WHAT THE TASK ASKS
Your answer is to be the exact text of the lines from the one containing "모음동 2층 외부 정원으로 미술 작품을 보며 휴식을 취할 수 있는 공간 ©최은영" through the final line of the entries, restated in full, with pictures omitted.

Saved entries:
--- START ---

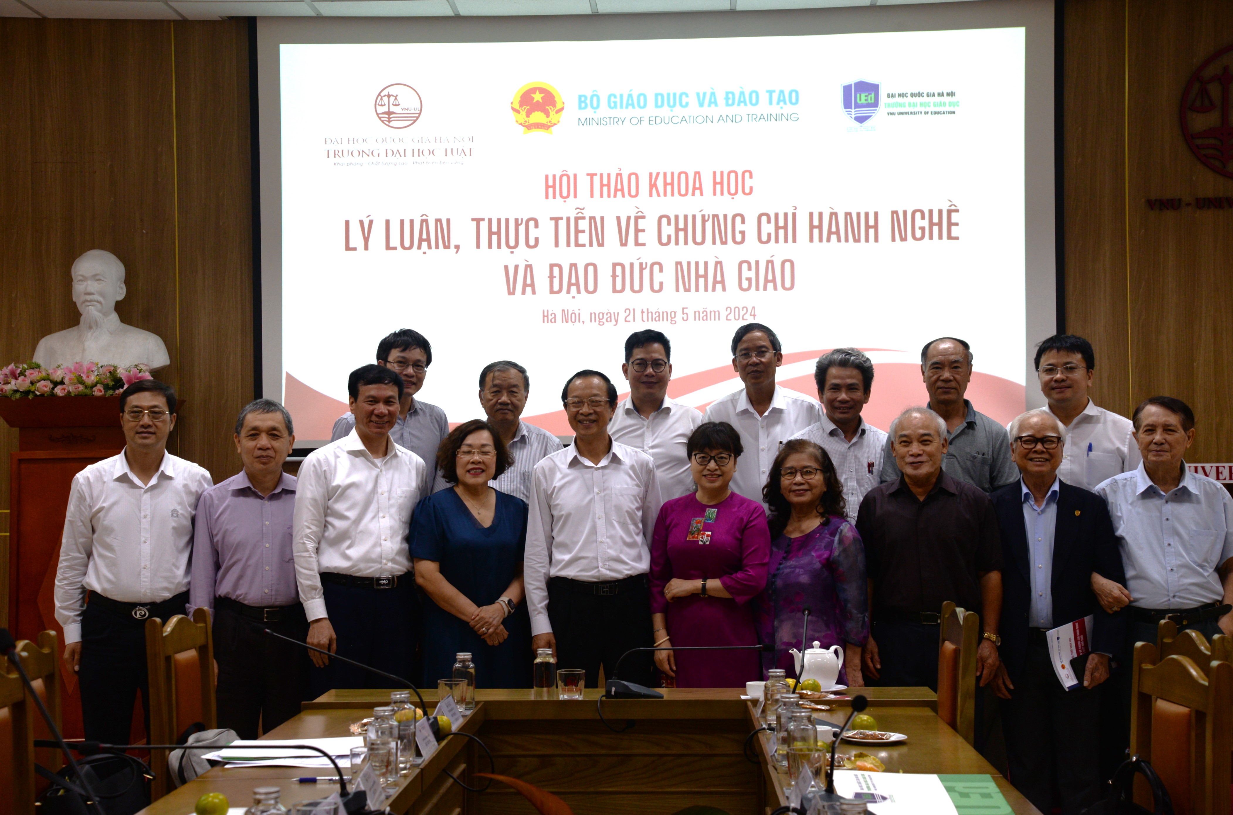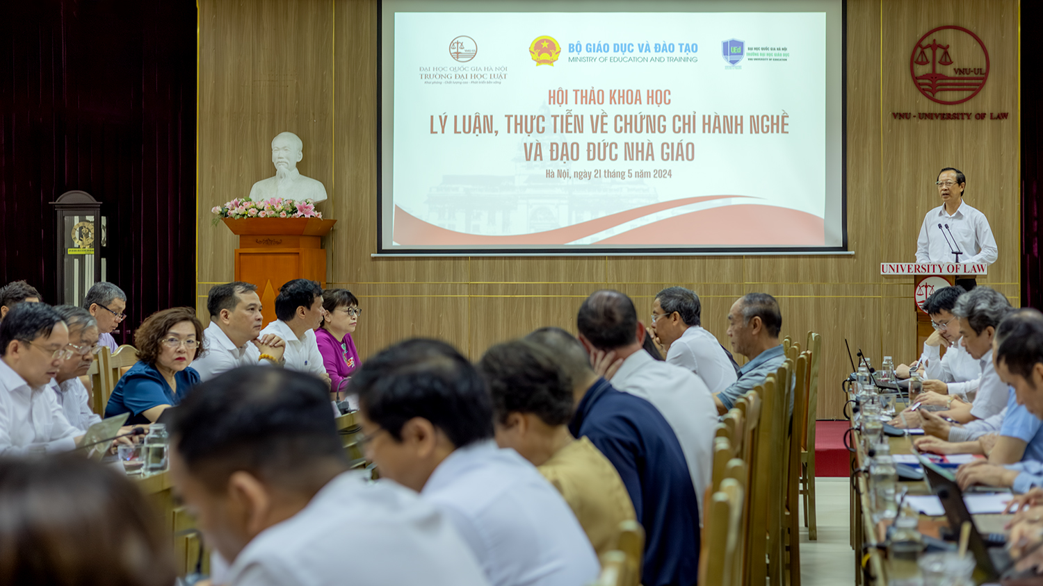 Ngày 21/5/2024, Trường Đại học Luật, ĐHQGHN, Cục Nhà giáo và Cán bộ quản lý giáo dục, Bộ Giáo dục và Đào tạo (GD&ĐT) và Trường Đại học Giáo dục, ĐHQGHN đã phối hợp tổ chức Hội thảo khoa học “Lý luận, thực tiễn về chứng chỉ hành nghề và đạo đức nhà giáo”.
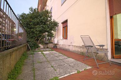 NOSTRA ESCLUSIVA In una via secondaria e parallela di Via Fiorentina, defilata dal caos cittadino, proponiamo, in vendita un appartamento di 4 vani al piano terra con doppio resede pavimentato. Ad accoglierci troviamo il luminoso soggiorno dal quale possiamo accedere al primo resede privato anteriore. Proseguendo, dal disimpegno troviamo la cucina con accesso al secondo resede tergale perfetto per organizzare pranzi e cene con amici e parenti. Il disimpegno, ci accompagna alla zona notte, composta da due camere matrimoniali ampie e molto luminose; finiamo la parte della zone notte con il bagno finestrato dotato di vasca e dall'utile ripostiglio molto ampio. La casa è fornita di aria condizionata. L'immobile si presenta in buono stato di manutenzione.
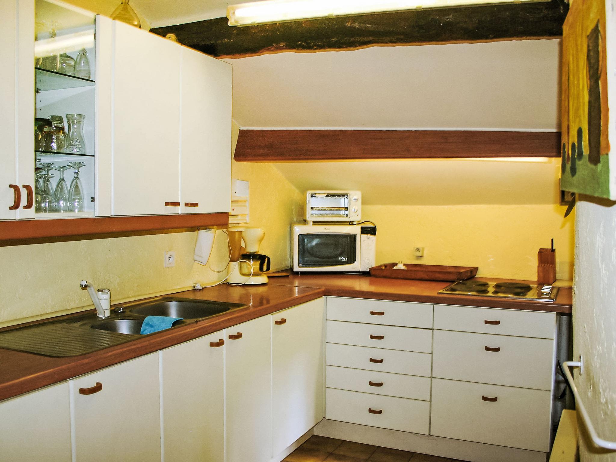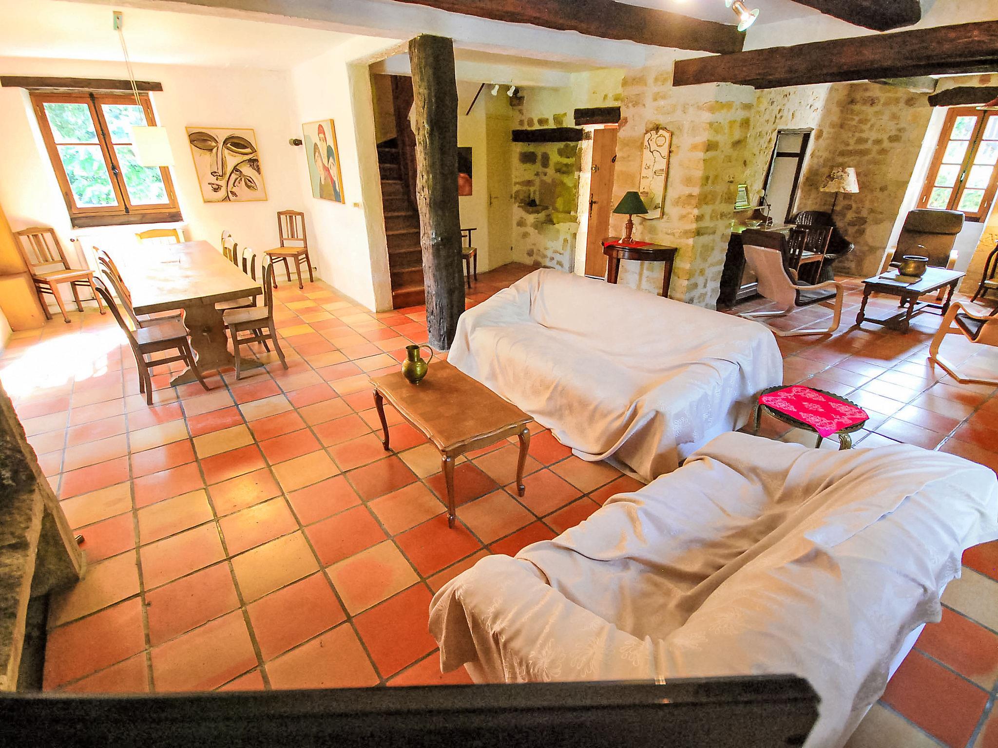 "Ensemble de 3 maisons Lavit", 8-room house 230 m2 on 3 levels. Practical and rustic furnishings: living/dining room with open-hearth fireplace and TV (flat screen). Exit to the garden. Kitchen (dishwasher, 4 ceramic glass hob hotplates, toaster, kettle, microwave, electric coffee machine). On the lower ground floor: large living/dining room with open-hearth fireplace. Exit to the terrace. 1 room with 2 beds (90 cm, length 190 cm), shower. 1 room with sloping ceilings, ceiling height 80 - 220 cm with rooflight with 1 french bed (140 cm, length 190 cm). Gallery. 1 open room with 1 french bed (140 cm, length 190 cm), shower/WC and TV. 1 room with 1 french bed (140 cm, length 190 cm). Open kitchen (oven, dishwasher, 4 ceramic glass hob hotplates, toaster, kettle, microwave, electric coffee machine). Shower/WC, 2 sep. WC's. Upper floor: 1 room with 2 beds (90 cm, length 190 cm). 1 room with 1 french bed (160 cm, length 200 cm). 1 room with 2 beds (90 cm, length 190 cm). Bathroom, shower, sep. WC. Facilities: washing machine, iron. Internet (WiFi, free). Please note: non-smoking house. Maximum 1 pet/ dog allowed. Smoke alarm. Instead of an enclosed bedroom, some sleeping areas are located in an open-plan area (gallery, alcove, etc.). Route de la Vallée 2345
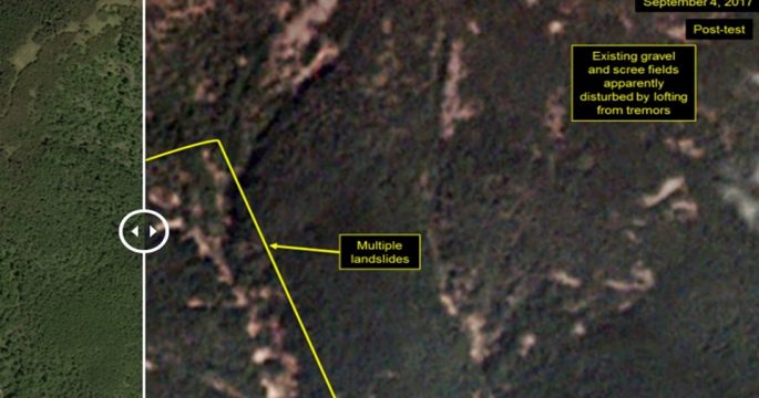 ภาพถ่ายจากดาวเทียมเผยให้เห็นว่าพื้นดินบริเวณที่ทำการทดลองนิวเคลียร์ของเกาหลีเหนือเกิดการสไลด์ลงไปในธารน้ำที่อยู่ใกล้เคียง
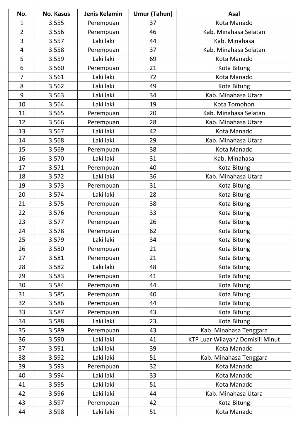 Berikut rincian ke-44 pasien terkonfirmasi positif Covid-19 yang merupakan pasien ke-3.555 sampai dengan pasien ke-3.598 di Sulut:
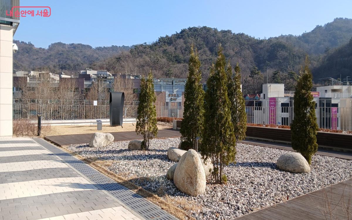 모음동 2층 외부 정원으로 미술 작품을 보며 휴식을 취할 수 있는 공간 ©최은영
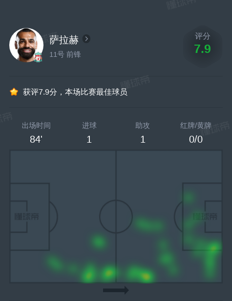 北京时间12月2日,英超焦点战中,利物浦主场对阵曼城。全场比赛中,萨拉赫的表现可圈可点,他在84分钟的出场时间里贡献了1个进球和1次助攻,3次射门中1次射正,以及1次成功的过人,展现出了出色的个人能力。
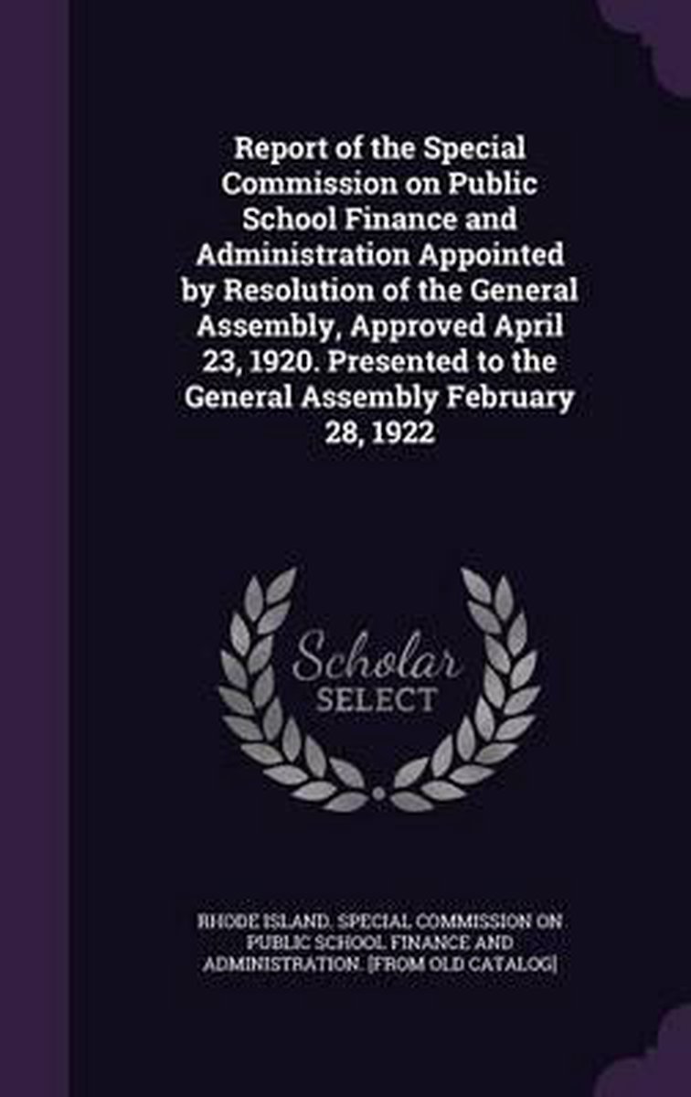 Report Of The Special Commission On Public School Finance And Administration Appointed By Resolution Of The General Assembly, Approved April 23, 1920. Presented To The General Assembly February 28, 1922
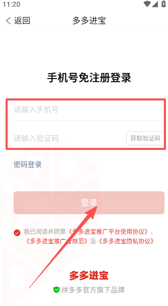 請(qǐng)安裝多多進(jìn)寶,使用手機(jī)號(hào)完成注冊(cè)與登錄操作,隨后進(jìn)行實(shí)名認(rèn)證并綁定銀行卡,這樣后續(xù)就可以順利提現(xiàn)傭金了。

--- END ---

SOLVED PROBLEM
 모음동 2층 외부 정원으로 미술 작품을 보며 휴식을 취할 수 있는 공간 ©최은영
 北京时间12月2日,英超焦点战中,利物浦主场对阵曼城。全场比赛中,萨拉赫的表现可圈可点,他在84分钟的出场时间里贡献了1个进球和1次助攻,3次射门中1次射正,以及1次成功的过人,展现出了出色的个人能力。
 Report Of The Special Commission On Public School Finance And Administration Appointed By Resolution Of The General Assembly, Approved April 23, 1920. Presented To The General Assembly February 28, 1922
 請(qǐng)安裝多多進(jìn)寶,使用手機(jī)號(hào)完成注冊(cè)與登錄操作,隨后進(jìn)行實(shí)名認(rèn)證并綁定銀行卡,這樣后續(xù)就可以順利提現(xiàn)傭金了。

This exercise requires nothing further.